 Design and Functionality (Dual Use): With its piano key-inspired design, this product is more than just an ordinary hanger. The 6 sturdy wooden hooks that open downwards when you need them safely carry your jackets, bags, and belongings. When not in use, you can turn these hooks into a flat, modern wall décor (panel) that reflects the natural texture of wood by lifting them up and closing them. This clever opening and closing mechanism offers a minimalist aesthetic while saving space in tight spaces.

==

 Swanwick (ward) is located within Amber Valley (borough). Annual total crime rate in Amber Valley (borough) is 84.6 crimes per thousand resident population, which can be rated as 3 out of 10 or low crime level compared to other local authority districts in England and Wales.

==

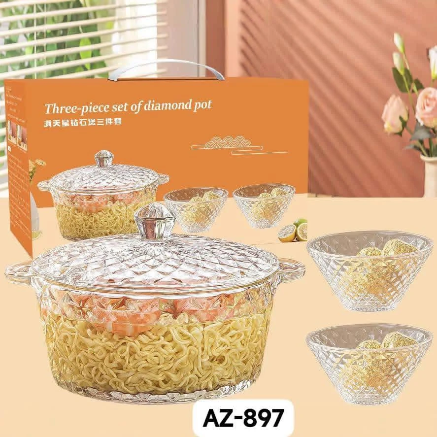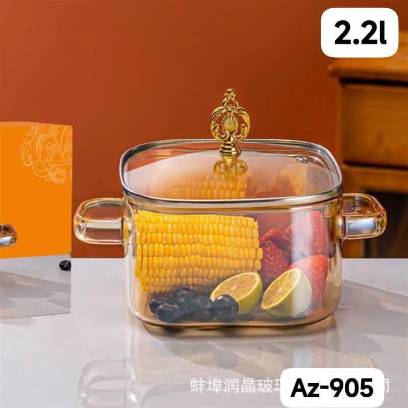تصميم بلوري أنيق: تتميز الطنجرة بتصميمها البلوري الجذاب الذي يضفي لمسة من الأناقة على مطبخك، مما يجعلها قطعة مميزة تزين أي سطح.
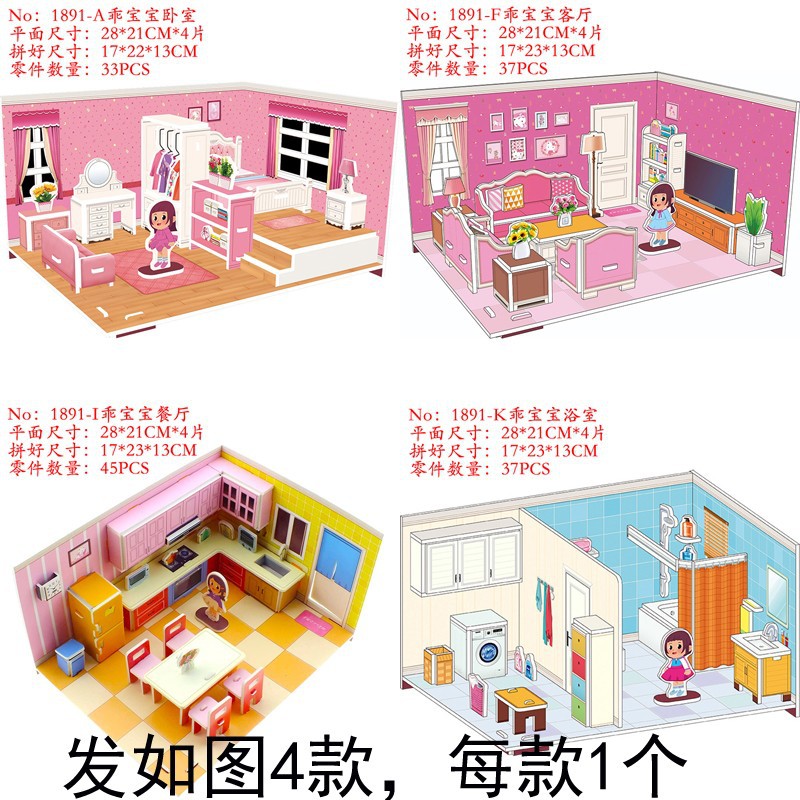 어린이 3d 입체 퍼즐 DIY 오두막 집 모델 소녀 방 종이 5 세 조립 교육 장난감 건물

### Action item:
Of the lines above, quote exactly those from the one with "تصميم بلوري أنيق: تتميز" through the one with "어린이 3d 입체 퍼즐", ends included; pictures stay out.

### Final answer:
تصميم بلوري أنيق: تتميز الطنجرة بتصميمها البلوري الجذاب الذي يضفي لمسة من الأناقة على مطبخك، مما يجعلها قطعة مميزة تزين أي سطح.
 어린이 3d 입체 퍼즐 DIY 오두막 집 모델 소녀 방 종이 5 세 조립 교육 장난감 건물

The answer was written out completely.